Off almost 100 points earlier on, the Dow Jones Industrial Average lost 16.04 points to settle at 12,532.60, with 17 of its 30 components trading lower, with the losses led by Bank of America Corp. , down 3.5%, and Home Depot Inc. , off 1.7%.
Off the Dow, shares of Monsanto gained almost 10% after the St. Louis company lifted its projected earnings for 2008. .
Technology stocks showed some signs of life, with Yahoo Inc. shares gaining 4.4% after Citigroup hiked its rating on the stock. .
The S&P 500 Index gained 3.11 points to 1,352.99, while the Nasdaq Composite Index climbed 14.3 points to 2,341.05.
Volume on the New York Stock Exchange topped 4 billion, and advancing stocks outran those declining nearly 2 to 1. On the Nasdaq, nearly 2.1 billion shares were exchanged, and advancing stocks topped those declining 9 to 5.
Home prices, confidence down
Alternately up and down since the opening bell, the major stock indexes had extended early losses after the Conference Board reported U.S. consumers' confidence fell in March. .
"The recent credit crisis has led to much broader and larger structural issues that will now confront the economy, thereby making future economic data the primary focus," said Tom DiGaloma, head of U.S. Treasury trading at Jefferies & Co.
Ahead of the opening bell, the latest Case-Shiller data compiled by Standard & Poor's showed U.S. home prices fell 10.7% in the past year. .
On the New York Mercantile Exchange, crude futures reversed earlier losses to close modestly higher, with crude for May delivery settling up 36 cents at $101.22 a barrel.
Gold futures rallied as weakness in the U.S. dollar boosted demand for the precious metal, with the contract for April delivery recently rising $16.30, or 1.8%, to end at $935 an ounce on Nymex. .

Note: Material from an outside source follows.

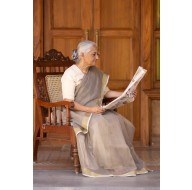 Madhurya presents this light khaki Jamdani handloom saree is a beautiful blend of elegance and comfort. Lightweight and breathable, it features a golden zari border with a white patti. The pallu showcases intricate floral patterns with tassels, while tones of green and grey add a unique charm to its look.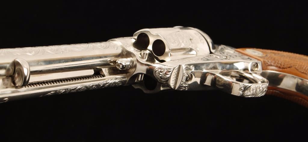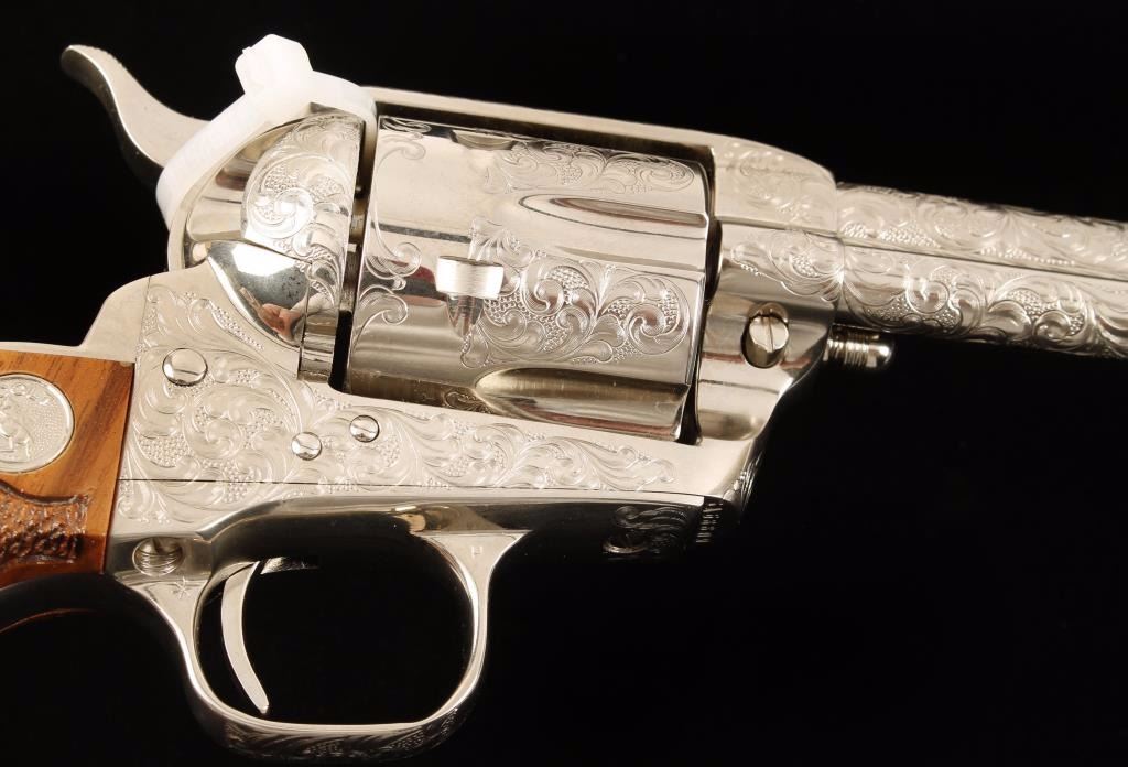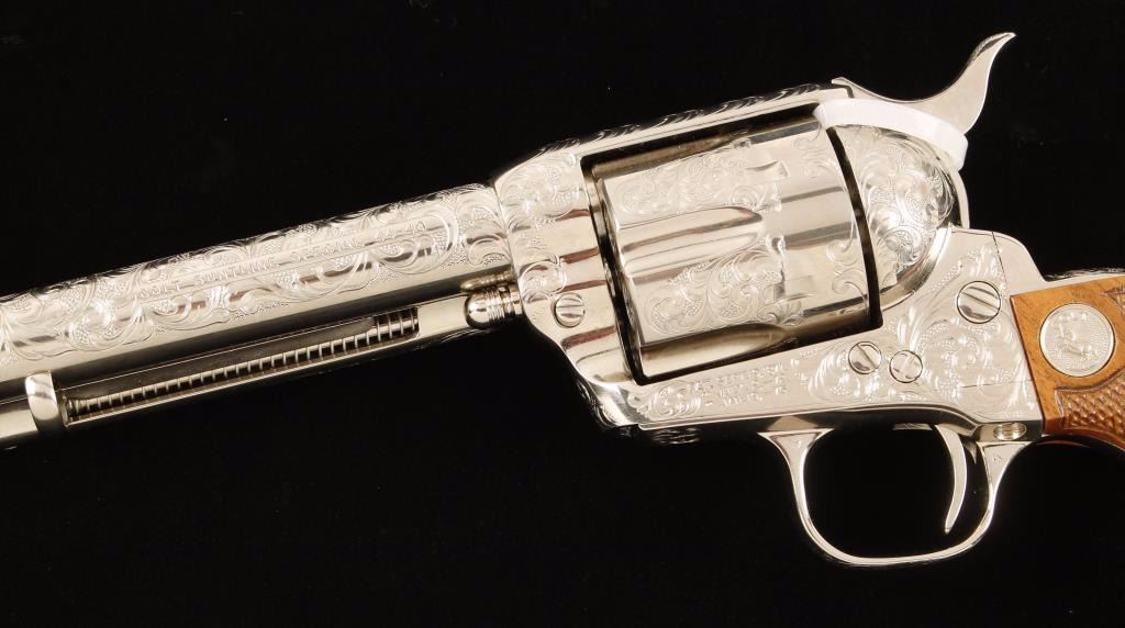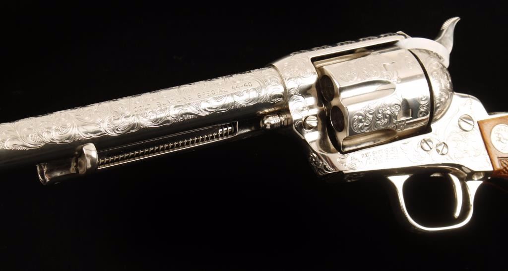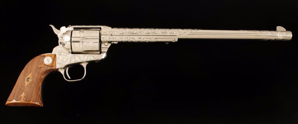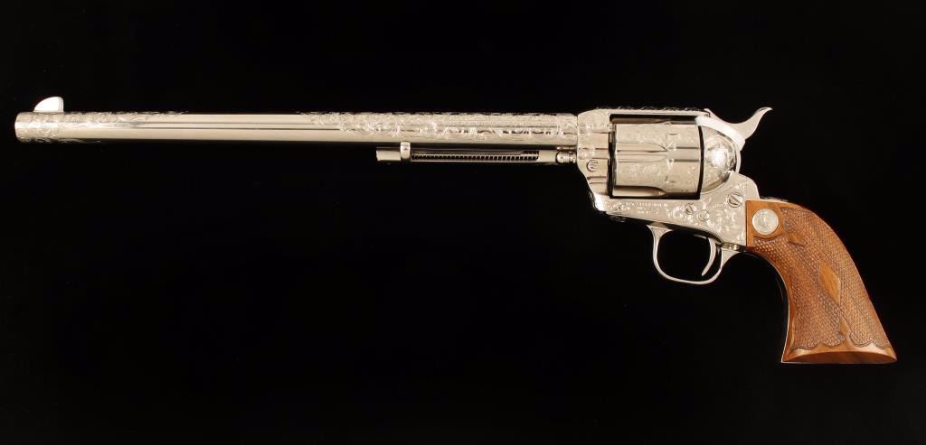 'Third Generation' Factory engraved long barreled single action revolver chambered in .44-40, circa 1985. Features a nickel plated finish, fine factory "D" coverage engraving, 12" barrel, blade front sight, notched rear sight, fluted six-shot cylinder, ejector rod, checkered hammer spur, black powder dates and Colt medallion fancy checkered two-piece walnut grips. Includes original box and documents. Finish shows no sign of wear. Action is smooth, bore is bright and grips are fine. Condition is like new in box. ***Modern Firearm***

The dollar bumped lower, with an index measuring the U.S. currency against a basket of major counterparts at 72.2 off from 72.34 earlier Tuesday. .
U.S. stocks rallied on Monday, furthering the prior session's strong gains, after J.P. Morgan Chase & Co. increased its offer for Bear Stearns Cos. and after the National Association of Realtors reported that sales of existing homes rose for the first time in seven months.
Overseas, international stocks jumped on the Wall Street advance. The FTSE 100 rose more than 3% in London and overnight, the Hang Seng benchmark surged nearly 7% in Hong Kong.